**EXERCISE DIRECTIONS**
What's needed is an exact copy of the lines from the one that contains "تنها شرکت تولیدکننده" to the end of the data below, leaving the pictures out.

START MATERIALS PROVIDED

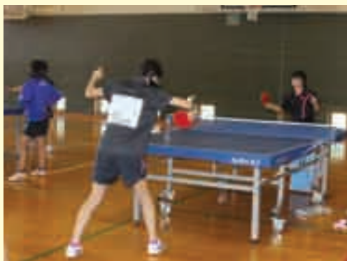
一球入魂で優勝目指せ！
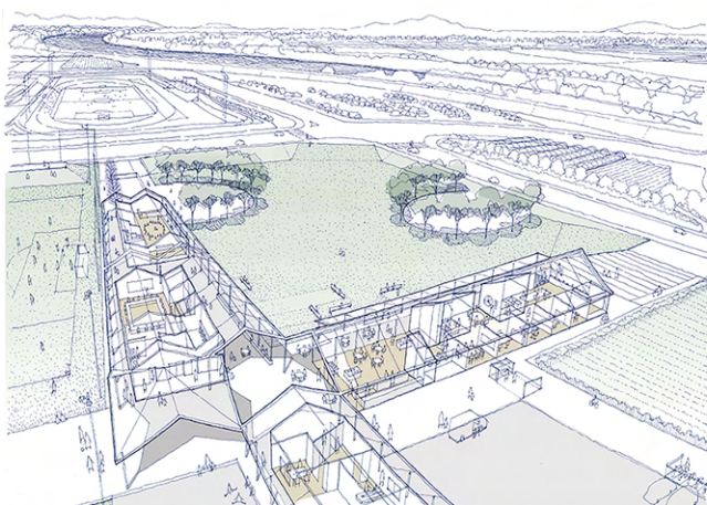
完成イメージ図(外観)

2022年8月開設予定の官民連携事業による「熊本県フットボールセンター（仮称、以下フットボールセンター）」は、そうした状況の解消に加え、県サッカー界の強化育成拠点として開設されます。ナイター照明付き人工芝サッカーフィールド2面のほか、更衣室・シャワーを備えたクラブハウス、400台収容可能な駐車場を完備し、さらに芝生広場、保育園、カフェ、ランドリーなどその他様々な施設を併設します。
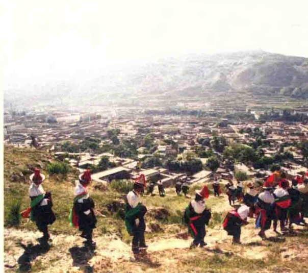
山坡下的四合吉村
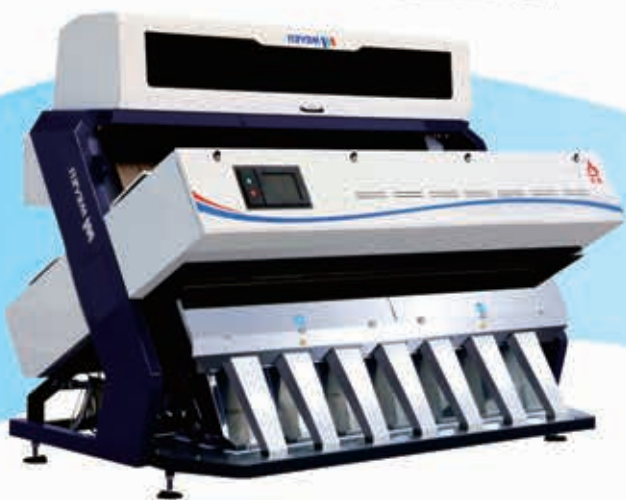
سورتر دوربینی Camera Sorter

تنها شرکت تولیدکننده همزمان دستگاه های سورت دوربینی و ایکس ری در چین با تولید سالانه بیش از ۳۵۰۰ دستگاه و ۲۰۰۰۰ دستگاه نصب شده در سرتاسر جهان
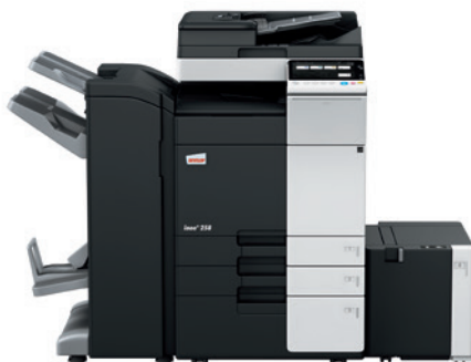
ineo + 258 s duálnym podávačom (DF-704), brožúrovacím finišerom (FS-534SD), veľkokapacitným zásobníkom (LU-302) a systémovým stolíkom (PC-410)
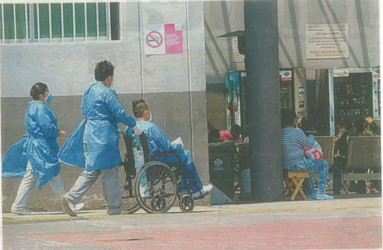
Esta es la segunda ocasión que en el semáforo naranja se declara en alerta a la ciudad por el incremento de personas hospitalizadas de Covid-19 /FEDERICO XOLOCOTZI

END MATERIALS PROVIDED

**SOLUTION TO THIS PROBLEM**
تنها شرکت تولیدکننده همزمان دستگاه های سورت دوربینی و ایکس ری در چین با تولید سالانه بیش از ۳۵۰۰ دستگاه و ۲۰۰۰۰ دستگاه نصب شده در سرتاسر جهان
ineo + 258 s duálnym podávačom (DF-704), brožúrovacím finišerom (FS-534SD), veľkokapacitným zásobníkom (LU-302) a systémovým stolíkom (PC-410)
Esta es la segunda ocasión que en el semáforo naranja se declara en alerta a la ciudad por el incremento de personas hospitalizadas de Covid-19 /FEDERICO XOLOCOTZI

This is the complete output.